Religion is one of the most common “consensualities” humans adopt early on in life. God feels real and present to many people not only because humans are neurologically wired for spiritual-feeling experiences, but because those experiences are defined and given meaning by the religious symbols and interpretations of those symbols that are carefully “woven [into] the material world around us.” (Harari) In the United States we see this done with the Christian faith better than any other. One need look only as far as the money in one’s wallet or the Pledge of Allegiance or Constitution to see that the imagined order (in this case the Christian tradition) is being sustained through its ubiquity in American society and its paraphernalia.

Harari asks: “How do you cause people to believe in an imagined order?… first you never admit that the order is imagined. You always insist that the order sustaining society is an objective reality created by the great gods or by the laws of nature … you constantly remind [people] of the imagined order which is incorporated into anything and everything [such as] fairy tails, dramas, paintings, songs, etiquette, political propaganda, architecture, recipes, and fashions.” (p.112–113) He continues by saying that “though the imagined order exists only in our minds, it can be woven in the material reality around us.” Through sustained and repeated exposure to what Berger calls a “plausibility structure” (structures of meaning) humans take part in both the creation of culture and being created by culture. According to Berger, culture is a two-way process.

However, just because something is socially constructed doesn’t mean that it’s necessarily bad. Are we better off with the institutions and initiatives that are doing good things in the world? Of course. If an institution or an idea is useful to society then it should be utilized. Law is a social construct, and has helped us create more peaceful and orderly civilizations; democracy has allowed us to debate ideas and give prominence to the ones that work and (sometimes) disregard the ones that don’t. A belief in and enforcement of human rights increases the general safety and well-being of people across the globe, and religion can sooth the existential angst generated by our mortal condition and thirst for meaning.

So constructs are useful and we need them, but because we create them they are not without their limitations. We must be conscious of how superimposing artificially created structures upon biologically diverse and complex humans can be harmful. We want to believe that our way of life is absolute and constructed by divine decree, or that our country or king has the mandate of heaven to impose his or her order upon the rest of the world, but we live in a matrix of social constructs that are rarely as authoritative as they may appear.

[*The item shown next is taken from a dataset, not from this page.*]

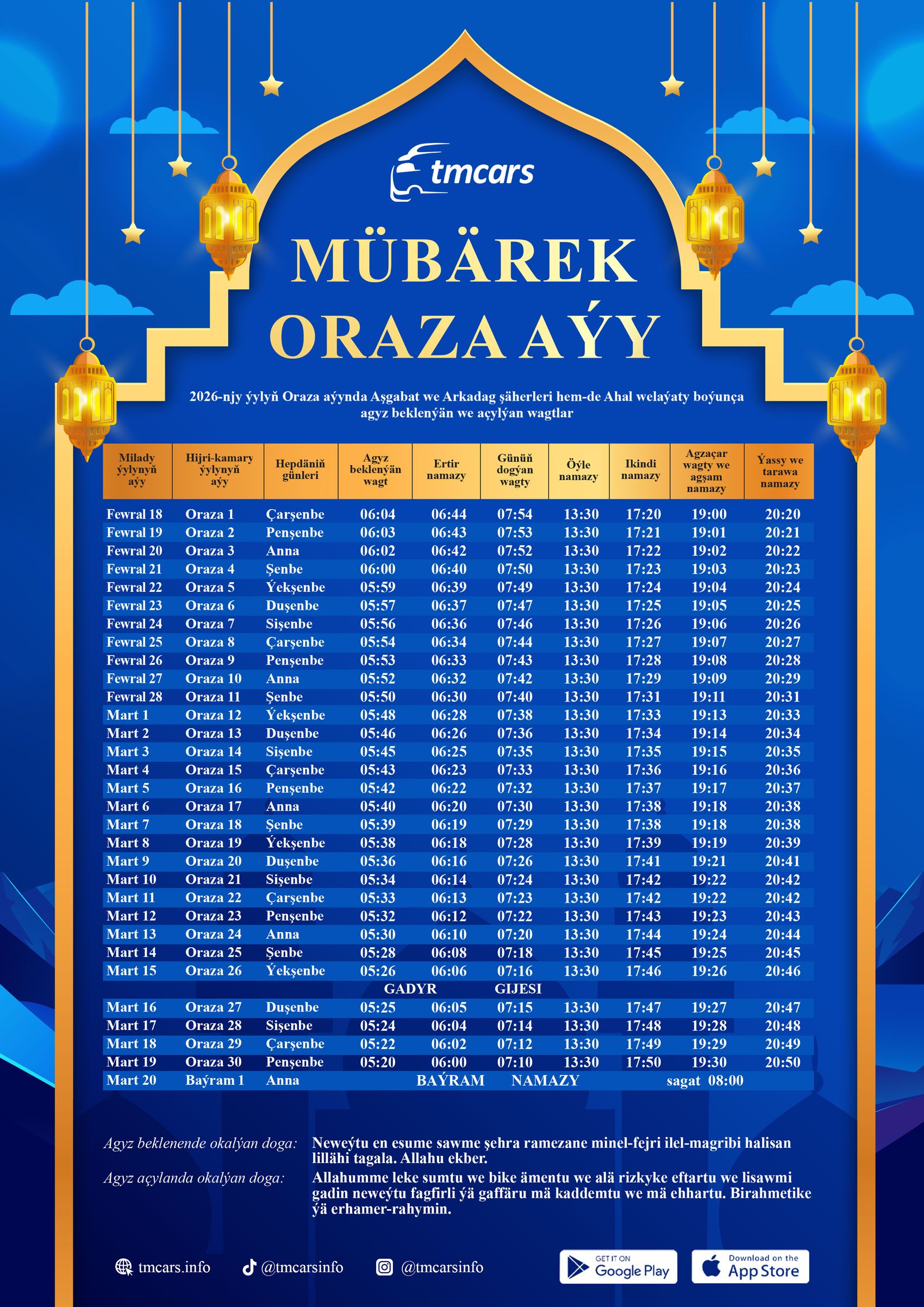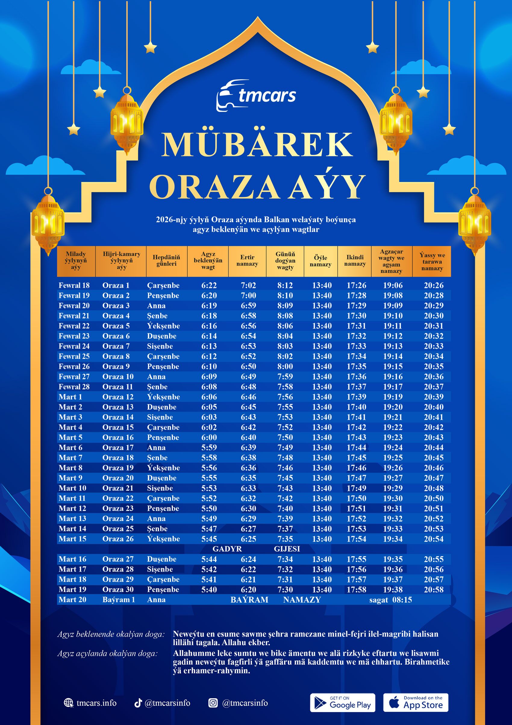 TmCars-yň adyndan ähli musulman doganlarymyza bu mukaddes aýda eden doga dilegleriňiziň, tutjak orazalaryňyzyň kabul bolmagyny arzuw edýäris!

Instead of simply acquiescing to religious or political authority that demands dogmatic belief, ask yourself: where does this authority come from? And if enough people stopped believing in it would it, like Greek gods, disappear and become just another footnote in the history books of imagined realities?

So we are left with three options. Either (1) our societies, religions, and cultures were produced by us and our inherent ingenuity; (2) they are a matter of revelation, offered to us by an external source, (3) humans created societies and religions with inspiration from an external, symbiotic, and perhaps (at times) unknown relationship with divinity.

In my view, 1 & 3 are more a debate about cause than effect and the second option is an untenable position to maintain due to an overwhellming need for compelling evidence that simply does not exist. The likelihood, therefore, is that we are, in fact, inhabitants of a reality that over millennia we have constructed, forged, re-written, lived, loved, and died for.

So what do we do with this knowledge? Well as the architects of our reality we can do only one thing: keep building better worlds.